What is being asked: Word for word, reproduce each line of the data below, omitting every image.

Data block:
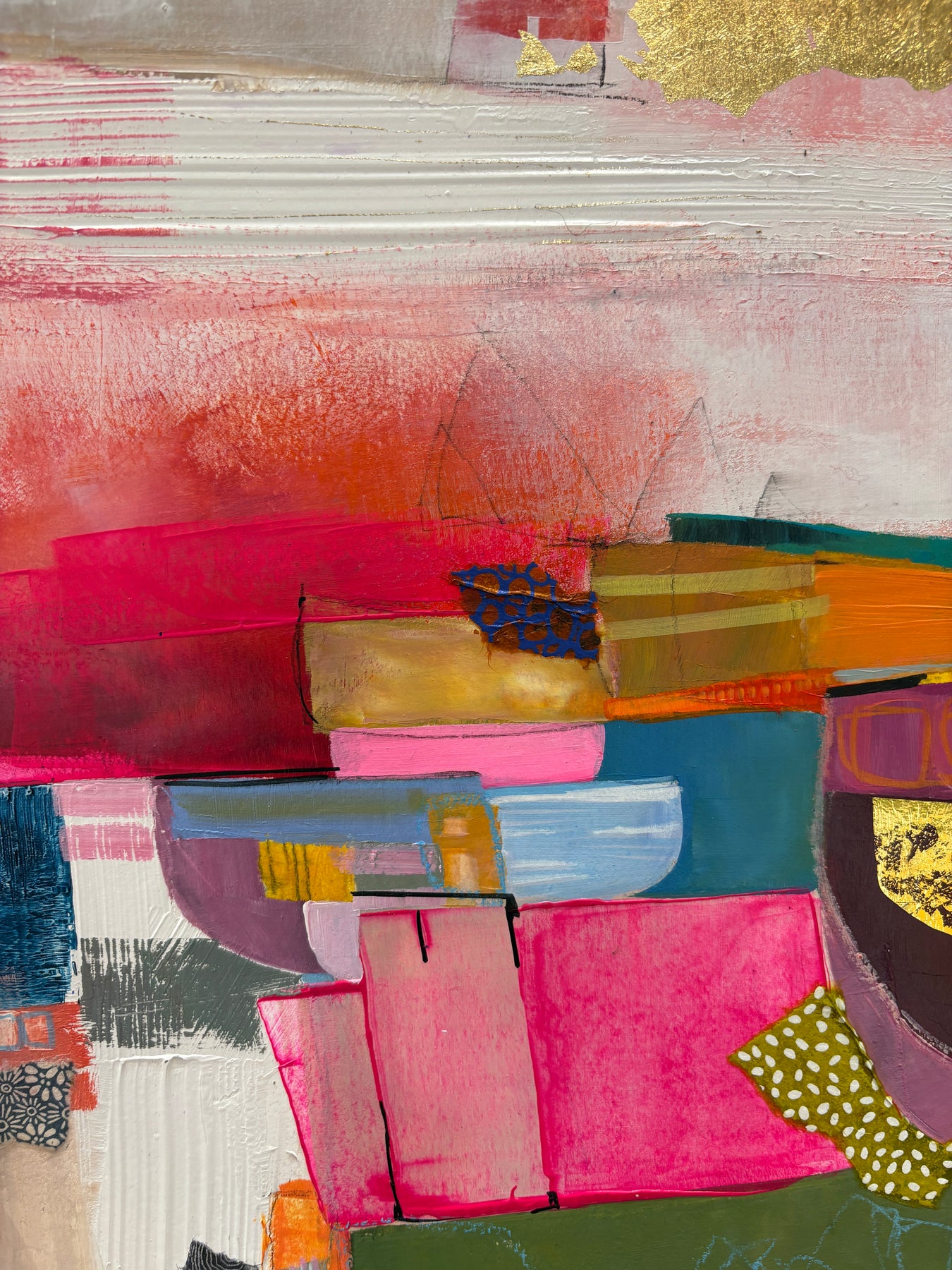 abstract geometric collage of square and semi circle shapes in fabric graphite acrylic paint gold leaf foil in pink green blue stacked and overlapping on pink and white background
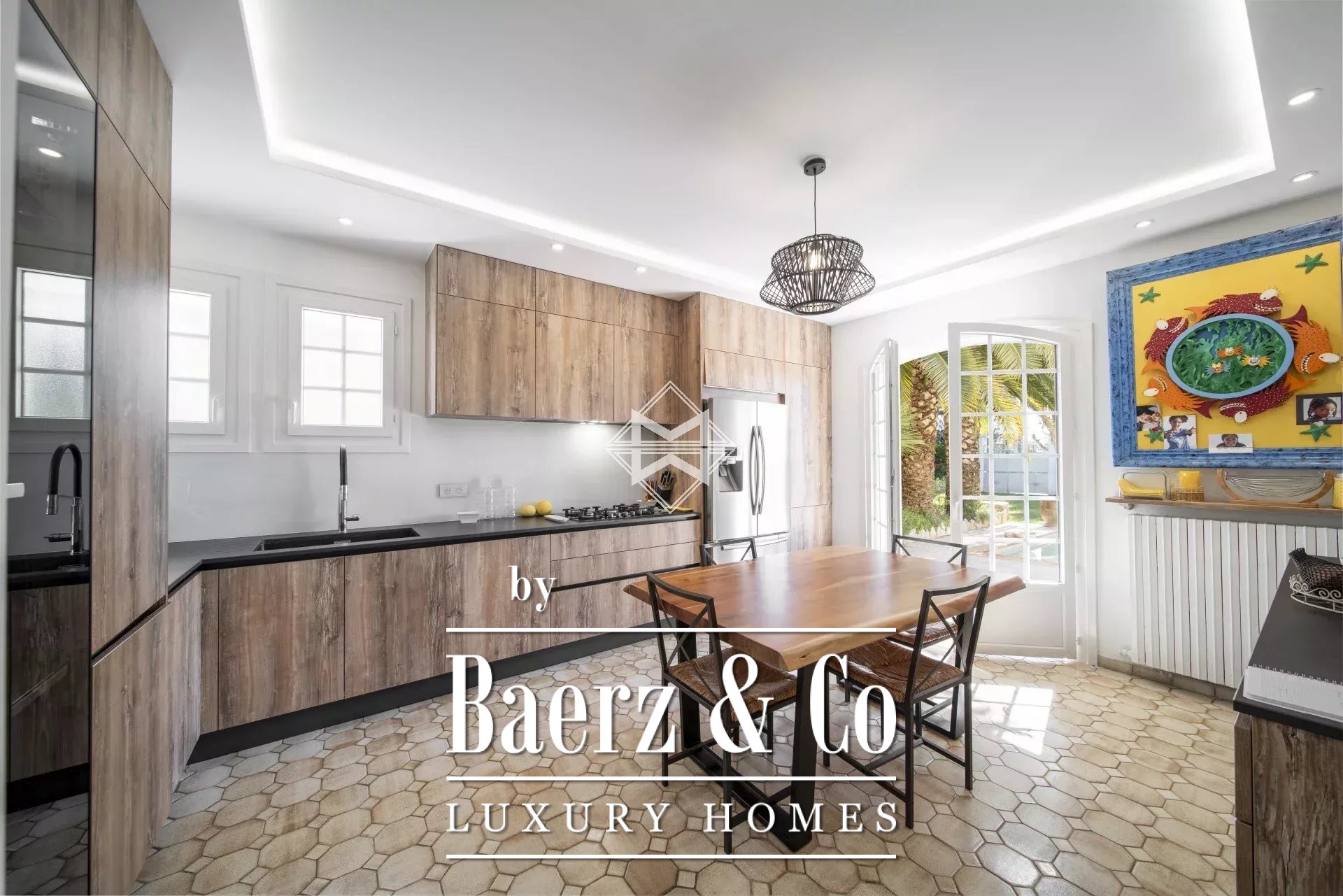 Villa Le Cannet anchors itself in a coveted residential enclave, offering a living experience shaped by privacy, balance, and light. This villa spans 196 m² and opens to a flat 1,001 m² garden dotted with palm and citrus trees, where tranquility prevails and every vista is sheltered from view.
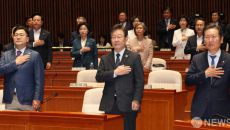 [서울=뉴스핌] 이형석 기자 = 박찬대 더불어민주당 원내대표가 28일 오후 서울 여의도 국회에서 열린 의원총회에서 국민의례를- 2024.05.28 14:39
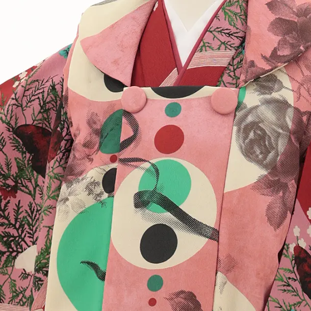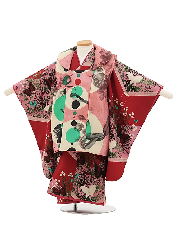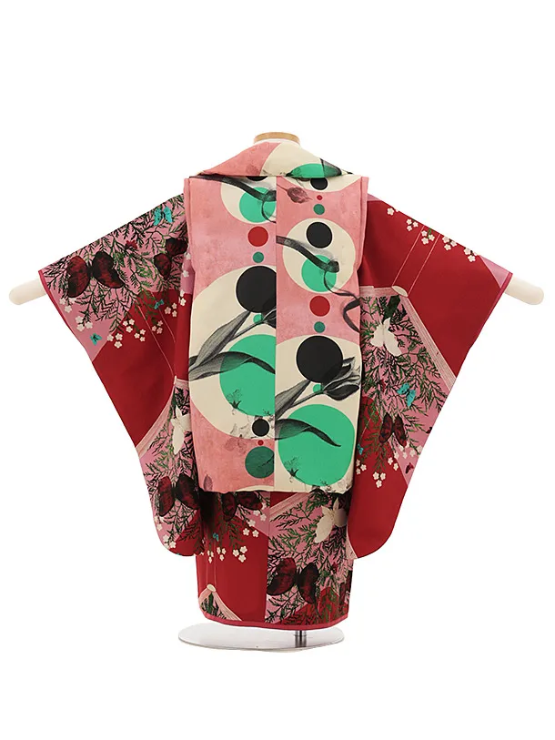 七五三(3歳女児)O193【germer】連なる円ピンク×絵本赤ピンク

The answer:
 abstract geometric collage of square and semi circle shapes in fabric graphite acrylic paint gold leaf foil in pink green blue stacked and overlapping on pink and white background
 Villa Le Cannet anchors itself in a coveted residential enclave, offering a living experience shaped by privacy, balance, and light. This villa spans 196 m² and opens to a flat 1,001 m² garden dotted with palm and citrus trees, where tranquility prevails and every vista is sheltered from view.
 [서울=뉴스핌] 이형석 기자 = 박찬대 더불어민주당 원내대표가 28일 오후 서울 여의도 국회에서 열린 의원총회에서 국민의례를- 2024.05.28 14:39
 七五三(3歳女児)O193【germer】連なる円ピンク×絵本赤ピンク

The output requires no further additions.